After the first game ended in a draw, everyone was excited to see what is it that Magnus would choose as his opening move in game two. The World Champion went for 1.d4 and surprisingly played the Catalan. But there were even more surprises in store! First Nepo playing the trendy ...b5 line in the Open Catalan, Magnus going for the speculative Ne5!? It was a game where the moves suggested by the engines and the way human beings think did not match! It was a game where both sides risked to lose. It was a game worthy of a World Championship match. We bring you the full coverage. 

A thriller with swinging fortunes

By Sagar and Amruta from Dubai

The spectators were on the edge of their seats! | Photo: Amruta Mokal

No one was moving! | Photo: Amruta Mokal

Even Grandmaster Salem AR Saleh, the top rated player from UAE, was glued to his seat | Photo: Amruta Mokal

Vishy Anand and Anna Muzychuk, the official commentators, were frantically going over the variations and the fact that none of them use an engine gives the audience the right picture as to how complicated the game actually is. | Photo: Amruta Mokal

Carlsen and Nepomniachtchi decided to treat the viewers with some daring play in the 2nd game of the World Championship 2021. There were 3 moments in particular which I would like to discuss. They show that although chess at the top level is heavily influenced by engines and preparation with engines, the human element still exists. That too in a huge way!

Let the games begin! | Photo: Amruta Mokal

Moment no.1

This is an absolutely shocking move played by Magnus. Is it a bluff? The engines definitely think so!

A screenshot of what the engines have to say. a4 is by far the best move in the position by leaps and bounds. Ne5?! is way inferior than a4!?

The World Champion is going for psychological battles | Photo: Amruta Mokal

There seems to be a small pattern developing here. Magnus seems to be aware of the firepower that Ian carries in terms of his seconds and the supercomputer which he has at his disposal. And so, rather than going into mainline territory where everything has been worked out by Nepo's team, Magnus is challenging the Challenger to an over-the-board fight by going into slightly inferior lines, but in that way, he could be sure that Nepo hasn't looked at those positions in depth with the engines and his seconds. While two games is not a big enough sample size to make this observation, Na5!? in game one and Ne5!? in game two had quite similar ring to it.

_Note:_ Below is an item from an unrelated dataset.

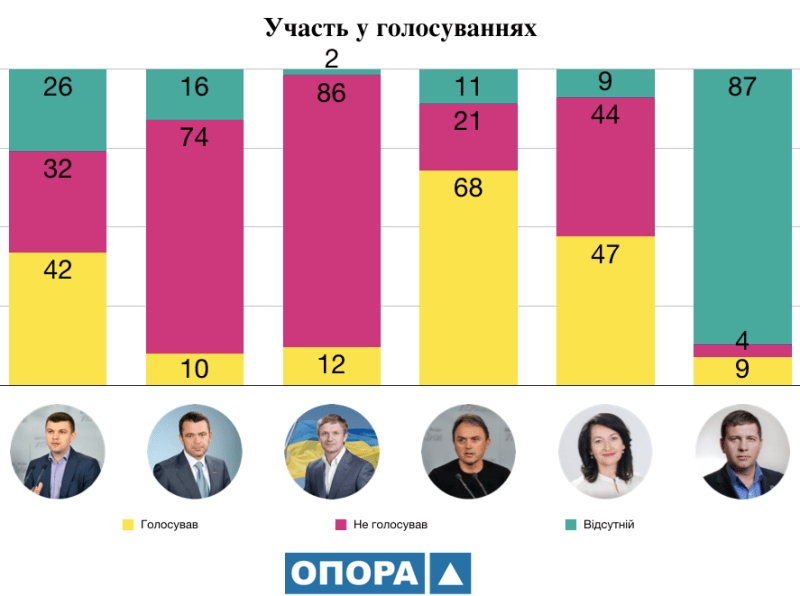 Щодо фізичної присутності під час голосувань, то найменше був відсутнім нардеп Степан Івахів – під час 2% голосувань, Ірина Констанкевич – під час 9% голосувань, Ігор Лапін – 11%, Сергій Мартиняк – 16% та Ігор Гузь – 26%.

Coming back to Ne5!? Why is the move inferior to a4? The point is that Black is able to play Nd5 and at the right moment kick the knight away with f6, which results in White losing a few tempi. However, when a top player like Magnus prepares such openings, he goes deeper into the aspects of the position like the weakness of the e6 pawn and how White should try and create play. That's the reason why, even though the engines dislike the move Ne5, practically it is an excellent decision.

Moment No.2

Let's have a look at this position. It is so so complex. In fact White has so many ways to continue that it can get really confusing. There are two moves that come to mind. One is to take on f6 which forces gxf6 in order to cover the e5 square. And the other one is Be3. But there are other moves possible as well - say b3 or Rd1. What Magnus did here was jump with his knight to e5.

The move makes a lot of sense. If you are not able to take twice on e5 then this really should be a good move because you get the d6 square for the knight. And you really cannot take twice on e5 because of Ng5 ideas. So for example - Nxe5 dxe5 Bxe5 fails to Ng5 and Black is in big big trouble. But Magnus missed something here. Ian took on e5 with his bishop Bxe5 dxe5 and now brought his knight into the game with Nac5!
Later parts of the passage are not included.